Old items reappearing in Reddit feeds

I’ve got several Reddit groups I follow by RSS feed. Lately, I have been noticing some degree of older posts showing up again as unread.

Wondering if it’s possible to do something about this? It started happening within the past few weeks.

1 Like

Been noticing the same here too.

Yeah, I’ve observed this in recent weeks as well. It could be that whatever logic Newsblur uses to detect duplicate items is no longer working for Reddit feeds.

Examples of feeds that I see this issue on:
http://www.reddit.com/r/museum/top.rss?sort=top&t=month
http://www.reddit.com/r/truereddit/top.rss?sort=top&t=month

In each of these, a subset of posts appear twice. Typically in succession and never more than 2x in total.

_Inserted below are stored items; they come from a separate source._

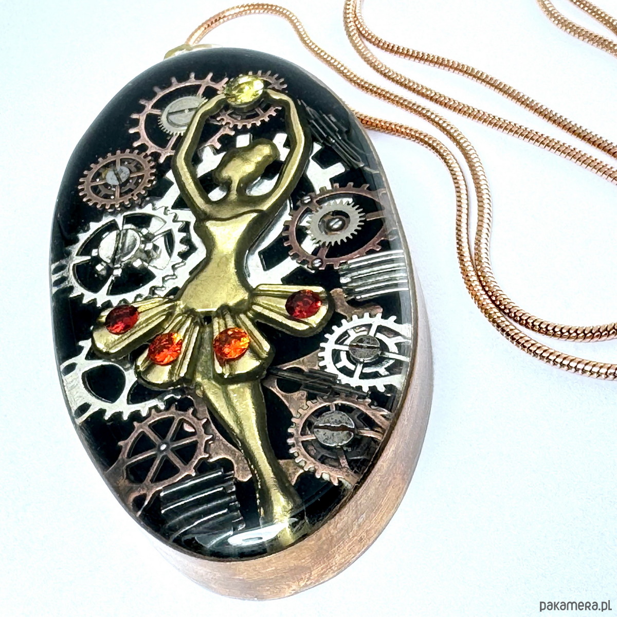 - Materiał: trybiki i elementy ze starych mechanizmów zegarka, Królowa z gracją przemieszczająca się po zaułkach życia. Lekkość i radość z każdego dnia daje jej siłę by płynąć z rozkoszą przez czas.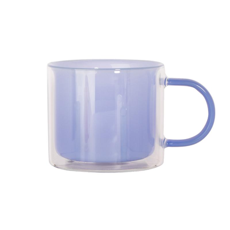 Ищете практичную и стильную чашку? Обратите внимание на модель нежно синего оттенка с двойной стенкой и объемом 260 мл. Двойная стенка позволяет наслаждаться горячим напитком, не опасаясь обжечь руки. Внешняя стенка из прозрачного стекла, внутренняя стенка чашки с синим оттенком. Чашка выглядит очень необычно и стильно!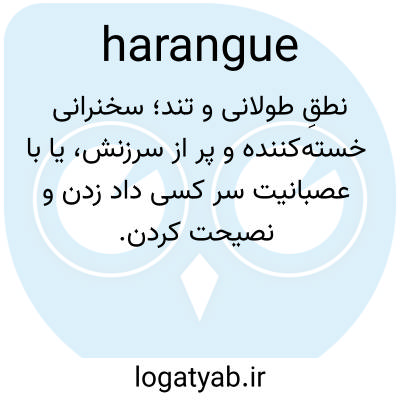 📌 سخنرانی طولانی، پرشور و تند، به ویژه سخنرانی که در مقابل یک اجتماع عمومی ایراد شود.

It is highly likely that this is due to the upcoming redesign that uses python 3 and is now serving half of NewsBlur’s feed fetching. It’s likely that the story checker which checks for duplicates is timing out. I raised the timeout from 2 to 5 seconds, but that still may not be enough.

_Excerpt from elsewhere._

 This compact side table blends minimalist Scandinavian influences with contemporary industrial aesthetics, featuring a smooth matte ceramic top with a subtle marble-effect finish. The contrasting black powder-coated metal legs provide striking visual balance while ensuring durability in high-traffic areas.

What I’m noticing is that it doesn’t happen for every story, but when it does happen, a group of stories get duplicated. I’m wondering if there are characteristics of the feeds that get duplicated stories.

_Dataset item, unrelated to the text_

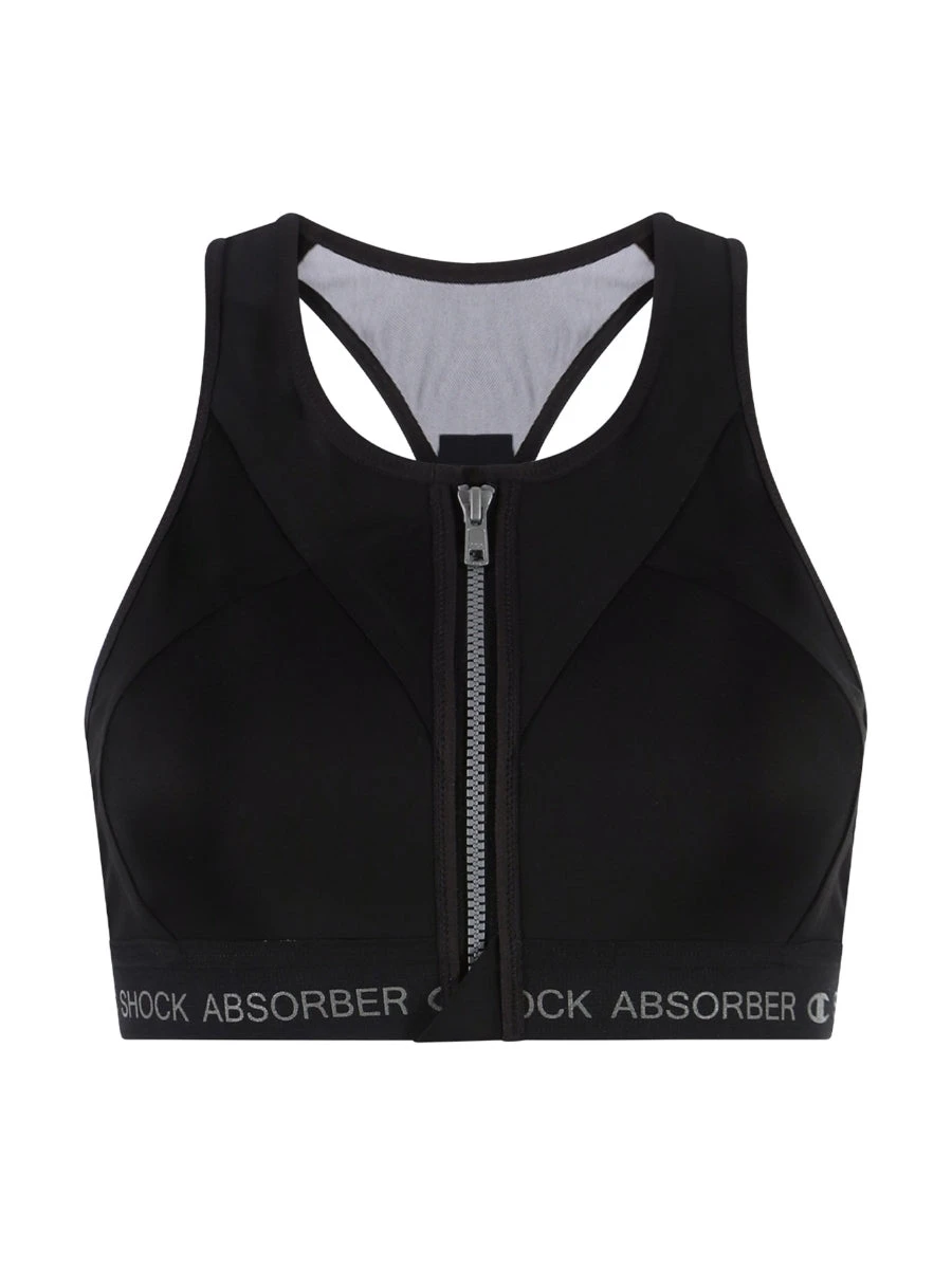 The InfinitY Power Zip Front Sports Bra in Black from Shock Absorber combines non-wired, breathable moulded cups and a zip front for easy wear. Its Y shaped back allows for ultimate freedom of movement, and its high-performance fabrics manage moisture during high impact sports. Stay supported and comfortable in this exclusive bra.

Also, FYI, it comes down to this function taking too long: NewsBlur/models.py at dashboard3 · samuelclay/NewsBlur · GitHub

Still happening quite frequently for me. If increasing the timeout made a difference I’m not noticing it here.

I’m a fellow developer - is there anything I can do to help you debug this?

I often read all my RSS feeds every day. They’re all marked as read before I go to bed. Then, the next morning, I see many Reddit articles again in my feeds that I’d read the day before. With the way I use Newsblur, I actually very rarely see two identical articles next to each other as shown in the screenshot above. I tend to see them a day or so apart. Would that still tie in with the timeout theory?

Honestly I believe it’s because I have the feed fetchers split, half between www and half between beta. So it’s likely there’s some disconnect between the two. I’ll see about moving all of the feed fetchers to beta today.